Alaska Judicial Council nominates four for Kenai Superior Court

The Alaska Judicial Council nominated four candidates for the Kenai Superior Court’s vacant seat. The governor will have 45 days to appoint Roberta Erwin, Jason Gist, Daniel Schally or Shawn Traini.

Schally also applied for and was a finalist for an opening on the Kenai Superior Court earlier this year.

Erwin has lived in Alaska for 49 years. She graduated from the University of Puget Sound School of Law and has practiced law for more than 24 years. She is currently working in a private practice in Anchorage.

Anchorage Assistant District Attorney Jason Gist has been living and practicing law in Alaska for 14 years. He is a graduate of the University of California, Berkeley, Boalt Hall School of Law.

A graduate of the University of Utah, S.J. Quinney College of Law, Traini has lived in Alaska for 33 years and serves as an assistant district attorney in Palmer.

A total of eight applicants were vying for the seat on the Kenai Superior Court. Anchorage attorney Roberta C. Erwin; Kenai Magistrate Judge Martin C. Fallon; Anchorage Assistant District Attorney Jason Gist; Kodiak Assistant Public Defender Hatton Greer; Kenai District Attorney Scot H. Leaders; Valdez District Court Judge Daniel Schally; Kenai Assistant District Attorney Samuel D. Scott; and Palmer Assistant District Attorney Shawn Traini have all applied to replace Superior Court Judge Charles T. Huegelet, according to a July 30 Alaska Judicial Council release.

Huegelet retired last month after 15 years on the Kenai Superior Court bench. The Superior Court seat is the second to open up this year in Kenai — Judge Anna M. Moran retired in July after more than a decade on the Superior Court.

The Alaska Judicial Council, which is a seven-member group made up of a Chief Justice, three public members and three attorney members, evaluate applicants on criteria such as, applicants’ case history, input from references, former employer and Alaska Bar Association surveys that allow the legal community to give opinions on the applicants’ legal skills and integrity.

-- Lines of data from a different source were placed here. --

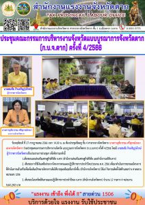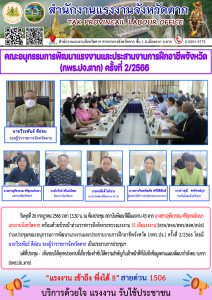 สรจ.ตาก ร่วมประชุมคณะอนุกรรมการพัฒนาแรงงานและประสานงานการฝึกอาชีพจังหวัด (กพร.ปจ.ตาก) ครั้งที่ 2/2566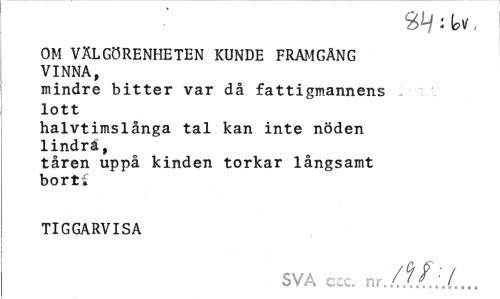 //// ; U //// OM VÄLGÖRENHETEN KUNDE FRAMGÅNG VINNA, //// mindre bitter var då fattigmannens lott //// halvtimslånga tal kan inte nöden lindra, //// tåren uppå kinden torkar långsamt borti //// TIGGARVISA //// SVA ccc. nr./f/:./... ////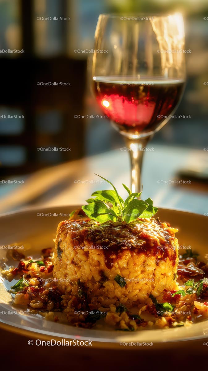 Gourmet Rice Dish with Basil and Red Wine in Evening Light
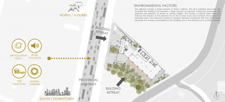 The site is hampered by noise from the provincial highway, air pollution, and concerns about employees and guests transiting to the office. There are easier solutions to address some of these problems but sustainable choices have to be made in 2020. The building was stacked to the back, hoping to create a focal point around the openness of the building's entrance. The building also has a large number of suspended elements, deep balconies, and sun visors. All of these components help to decrease the temperature inside the building. The windowed area in the west was reduced in size to decrease the energy usage from air conditioning. The windows along the front side were positioned in such a way that as the sun moves through the sky, a path of light can be seen moving through the office. This helps remind people in an office about the passage of time during the day.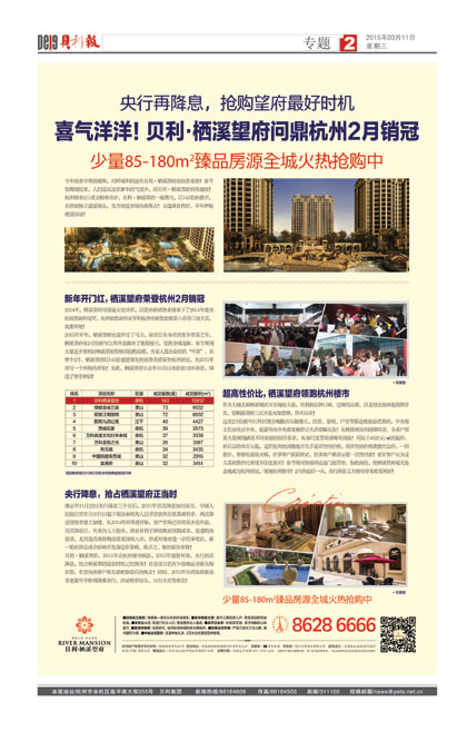 央行再降息,抢购望府最好时机 喜气洋洋!贝利·栖溪望府问鼎杭州2月销冠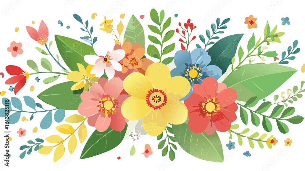 Whimsical Vector Floral Design With Bright Flowers And Wallpaper Mural - Decorly Solutions | Decorly Solutions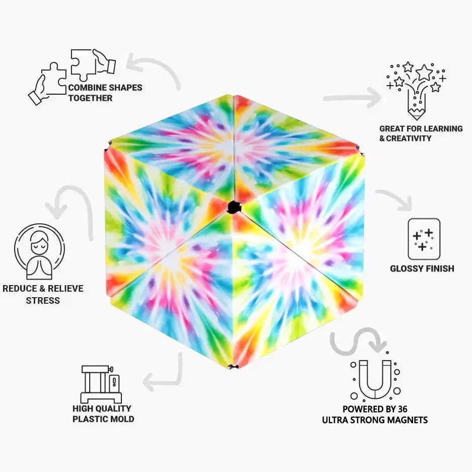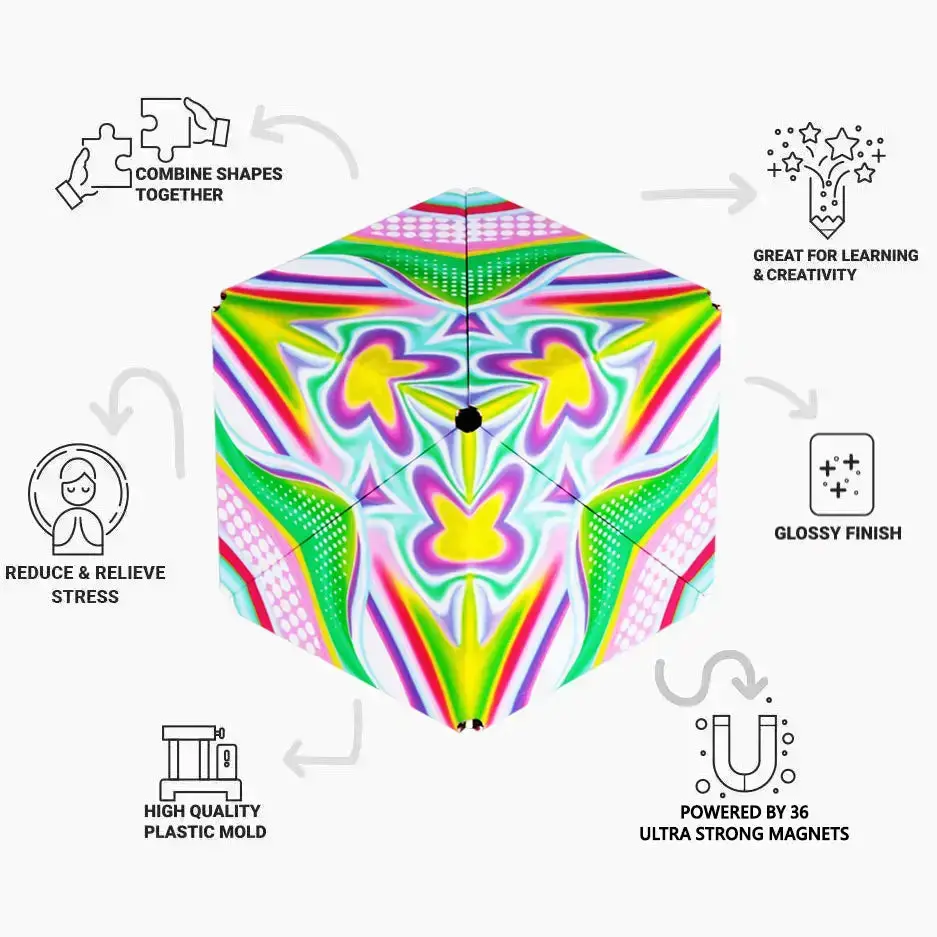 Shashibo cubes are crafted with magnetic technology, allowing them to easily snap into different shapes. The cubes feature vibrant designs and patterns, adding an artistic touch to the interactive experience. The magnetic construction ensures durability and ease of manipulation.

Friday afternoon, the Alaska Judicial Council held a forum for people to give public testimony regarding the eight applicants. Alaska Superior Court judges can hear both criminal and civil cases brought before the state courts that don’t go directly to the Supreme Court. For cases already tried in District Court, the Superior Court can also act as an appellate court for those cases.

The Alaska Judicial Council will pass the names of the four nominations to the Governor-elect Mike Dunleavy, who will appoint one to the Kenai Superior Court.